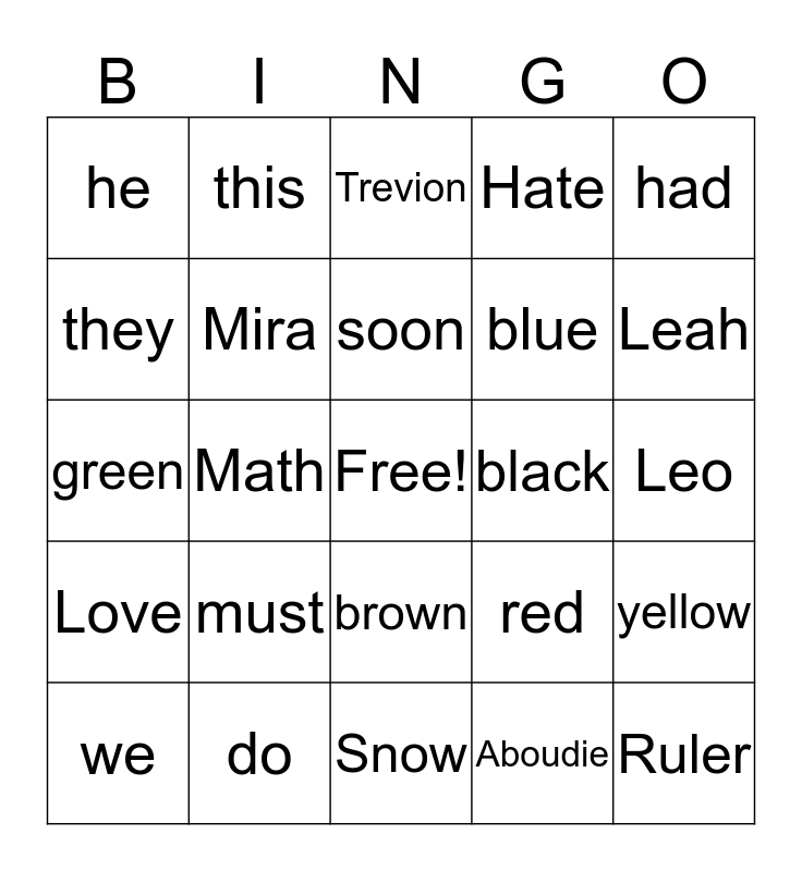 This bingo card has a free space and 24 words: must, do, soon, we, had, he, they, this, black, brown, blue, green, red, yellow, Mira, Aboudie, Leo, Trevion, Leah, Math, Ruler, Love, Hate and Snow.
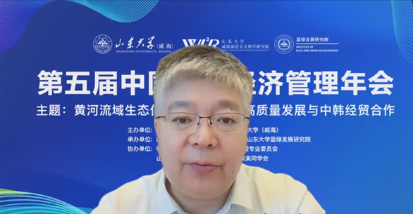 陈诗一回顾了中韩两国贸易发展的紧密联系,强调本届年会旨在贯彻落实习近平总书记关于黄河流域生态保护和高质量发展的重要指示精神,推动中国经济转型,为中韩经济高质量发展贡献积极智慧。他希望各位专家学者积极交换学术思想,为碳中和、碳达峰与经济高质量发展等国家战略做出重要贡献。
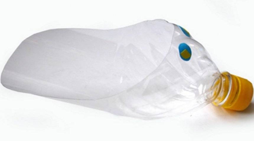 - От тары из пластика отрезают верхнюю часть. Ее вставляют обратно, развернув горлышком вниз.
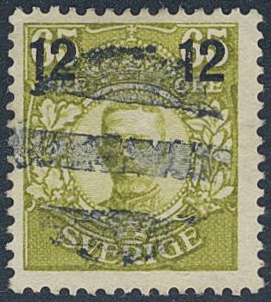 Sweden. Facit 101 used, Surcharge 12 / 65 öre yellow-green. Cancelled with superb FIGURE MARK.
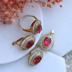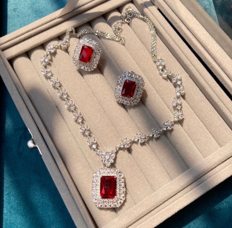 Red Ruby Jewelry Set Ruby Red Wedding Cubic Zirconia Set Red - Etsy
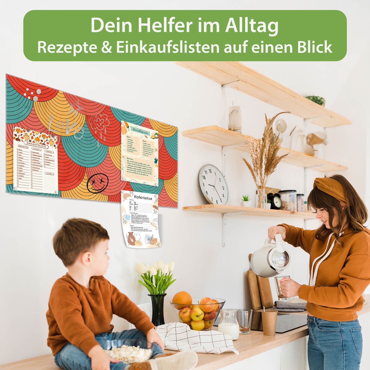 Auf der glatten Glasoberfläche lassen sich Termine, Rezepte oder Notizen ganz einfach mit Kreidestiften festhalten und rückstandslos entfernen. Starke Neodym-Magnete halten Ihre wichtigsten Erinnerungen sicher an Ort und Stelle. So entsteht Ihre ganz persönliche Ideenwand - jeden Tag neu.
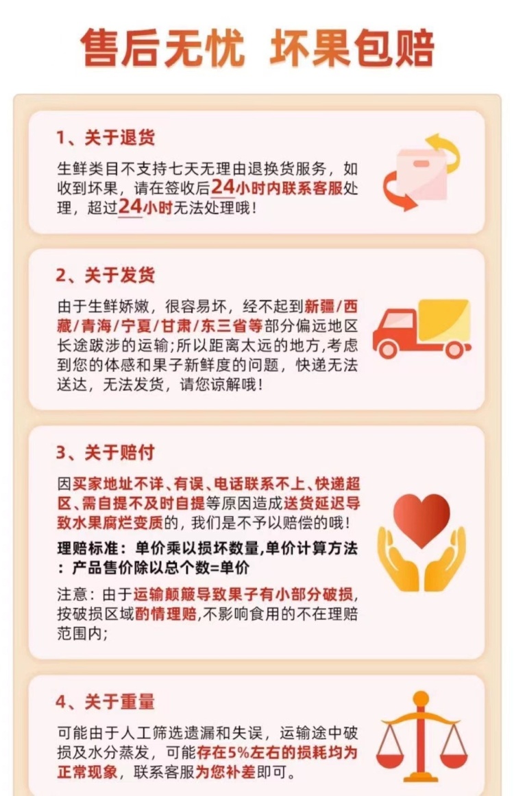 为了让您购物更加放心,我们特别提供无忧退换保障。在您签收商品后的7天内,只要商品保持完好且不影响二次销售,可以随时申请退换货(*生鲜不接受7天无理由退换)。
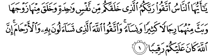 Translit: Ya ayyuha alnnasu ittaqoo rabbakumu allathee khalaqakum min nafsin wahidatin wakhalaqa minha zawjaha wabaththa minhuma rijalan katheeran wanisaan waittaqoo Allaha allathee tasaaloona bihi waalarhama inna Allaha kana AAalaykum raqeeban
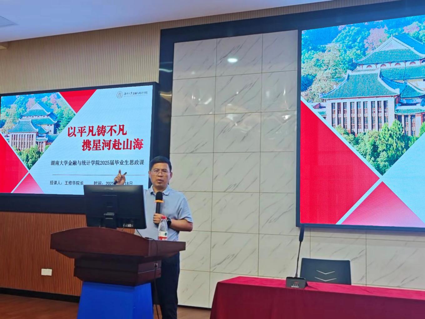 6月18日下午,金融与统计线上真人百家乐 2025届毕业生思政课在财院校区老食堂二楼报告厅举办。线上真人百家乐 院长王修华以《以平凡铸不凡,携星河赴山海》为题为毕业生授课,2025届全体毕业生参加。

--------------------------------

Pictures must be left out of the answer, which should be exactly the lines from the one holding "Red Ruby Jewelry" through the last line of the entries above, both included; please add nothing.

 Red Ruby Jewelry Set Ruby Red Wedding Cubic Zirconia Set Red - Etsy
 Auf der glatten Glasoberfläche lassen sich Termine, Rezepte oder Notizen ganz einfach mit Kreidestiften festhalten und rückstandslos entfernen. Starke Neodym-Magnete halten Ihre wichtigsten Erinnerungen sicher an Ort und Stelle. So entsteht Ihre ganz persönliche Ideenwand - jeden Tag neu.
 为了让您购物更加放心,我们特别提供无忧退换保障。在您签收商品后的7天内,只要商品保持完好且不影响二次销售,可以随时申请退换货(*生鲜不接受7天无理由退换)。
 Translit: Ya ayyuha alnnasu ittaqoo rabbakumu allathee khalaqakum min nafsin wahidatin wakhalaqa minha zawjaha wabaththa minhuma rijalan katheeran wanisaan waittaqoo Allaha allathee tasaaloona bihi waalarhama inna Allaha kana AAalaykum raqeeban
 6月18日下午,金融与统计线上真人百家乐 2025届毕业生思政课在财院校区老食堂二楼报告厅举办。线上真人百家乐 院长王修华以《以平凡铸不凡,携星河赴山海》为题为毕业生授课,2025届全体毕业生参加。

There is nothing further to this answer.